Dea: It is a huge issue. The standard that has been adopted [in Taiwan by our competitors] is DVB and it is a European, French-driven technology. DVB has substantial limitations. But one of the benefits that was believed to be of DVB was smart-card technology. Smart-card technology is, has been, and will be broken and pirated. ATSC is an American technology standard that does not have these issues. We feel the government's role should not be to predicate or dictate technology. Their role should be to set policy.
TT: With all the obstacles thrown in your path, why do you stay in Taiwan? Aren't other territories like Hong Kong and South Korea more exciting and lucrative?
Dea: Taiwan has a good growth trend whether it is per capita income or GDP. It has a skilled base with a high educational level. They are also very high users of the media for information and entertainment services. It's a good market. Look at the number of magazines, newspapers, television stations, radio stations, some of them doing well, some aren't, because it's somewhat oversaturated, but it is still a market with a high consumption of media.
TT: The Consumers' Foundation is concerned that new services will be expensive and full of junk channels.

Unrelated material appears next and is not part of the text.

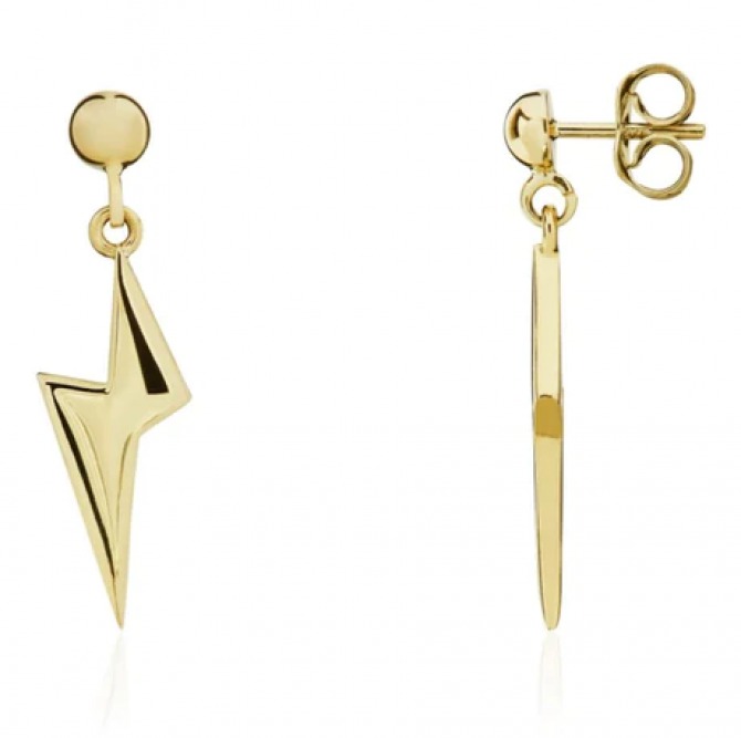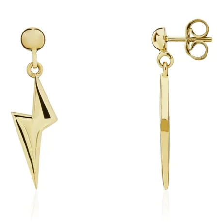 9ct yellow gold drop earrings with a striking lightening bold design.
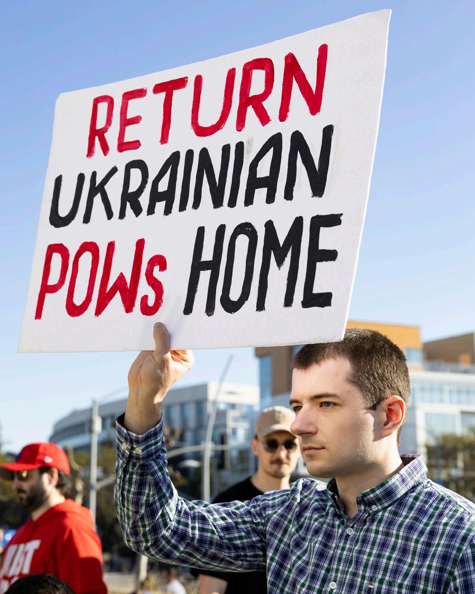 A Ukrainian supporter holds up a sign that states, “Return Ukrainian POWs home,” at the Remembrance Rally, hosted by Stand with Ukraine on the third anniversary of Russia’s invasion of Ukraine at Santa Monica City Hall in Santa Monica, Calif. on Sunday, Feb. 23, 2025. The rally was held to highlight the ongoing occupation of Ukraine. (Jake Crandall | The Corsair)

What is your response to criticism like that?
Dea: Look to tomorrow and not to yesterday. The basic cable television service in Taiwan was homegrown to a great extent and that's why there are 80 channels of basic service. Yes, many of them are lower-grade quality, but they are home grown. Taiwan has per capita more televisions than any other market by far. The new services are not the basic, it is not an extension of the basic. We don't want to do that.
Right now we have one additional tier. There are 24 channels of video and 24 channels of digital radio. We cannot afford to add any more channels on the basic as there is a rate cap. We offer Adventure One, the Reality Channel, The Soundtrack Channel (like MTV but movie soundtracks), Fashion TV, Arirang, ABC out of Australia, Bloomberg. We are looking at BBC and MGM for that service. Especially with the English language programming, a lot of that is niche programming. That shouldn't be forced into the basic.
TT: Are you thinking of any other tiers or packages?
Dea: Not yet, not until the regulatory environment starts to open up. I'd very much like to break that out and have a news tier, a foreign language tier, an erotica tier, a sports tier, a movie tier, and let the customer go whatever direction they want to go. And that is international standards.